Biomass pyrolysis undergoes four stages in general: moisture evolution, hemicellulose decomposition, cellulose decomposition, and eventually lignin decomposition22. To further assess the temperature ranges the burned paper could have been exposed to, we determined the carbohydrate compositions by GC-MS after acid methanolysis, which is a sensitive way to address the more vulnerable hemicellulose fraction23. Thermal decomposition of lignocellulosic natural fibres starts with the decomposition of hemicellulose at around 250 °C followed by cellulose at around 340 °C24. Hence, xylose can serve as a good indicator monosaccharide to roughly determine the extent of thermal decomposition25.

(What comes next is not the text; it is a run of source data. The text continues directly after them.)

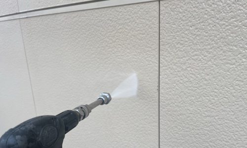 次に、外壁塗装の前処理として欠かせない高圧洗浄を行いました。尾張旭市のお宅では、長年の雨風によって汚れや旧塗膜が外壁に付着していました。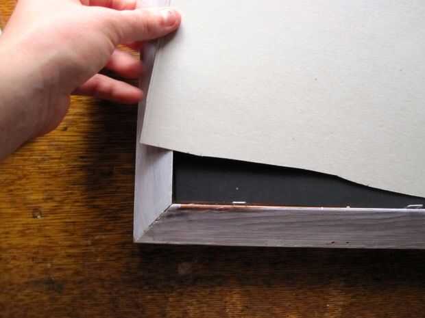Desplegar los corchetes del metal en la parte de atrás y retire el papel cartón. Es probablemente una buena idea para sacar el cristal y lavarlo realmente rápido. Seque el cristal y deslícela detrás. Luego deslice en tu poema y remplazar con el respaldo de cartón. Volver a doblar las patillas de metal.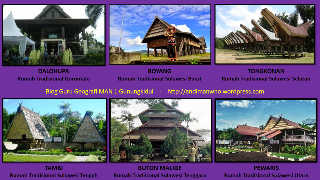 Rumah-rumah adat di tiap propinsi di pulau Sulawesi antara lain :
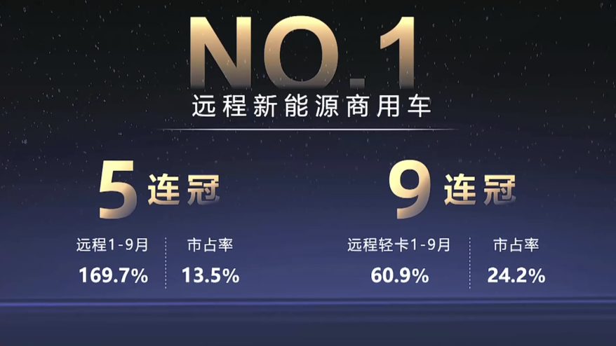 今年1-9月,遠程新能源商用車同比增長169.7%,其中遠程新能源輕卡1-9月市佔率達24.2%,總體銷量排名行業第一,在覈心產品新能源物流車方面,遠程1-9月實現同比增長259%,市佔率為19.58%。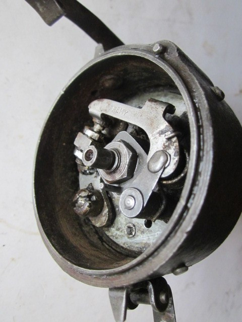 Vintage Remy Distributor-REMY IS MARKED ON POINTS, WHICH OPEN AND CLOSE WHEN SHAFT ISA TURNED. THERE IS LITTLE OR NO PLAY IN THE SHAFT ADVANCE LEVER MOVES WELL-SEE PHOTOS FOR CONDITION

Taking advantage of the different thermal decomposition characteristics of cellulose and hemicellulose, which are the major composition elements of the original paper, we estimated the temperature ranges the burned papers were exposed to. The central area of the burned paper (F5) exhibited a monosaccharide composition similar to the not-burned reference paper, sharing the fingerprint region of the hemicellulose fractions (Fig. 3, left). Hence, the temperature of the central area did not reach more than 250 °C as the content of hemicellulose stayed unchanged.

Figure 3
figure 3

The carbohydrate compositions of the different spots of the burned paper and the not-burned reference paper determined by acidic methanolysis (left) and by total hydrolysis (right).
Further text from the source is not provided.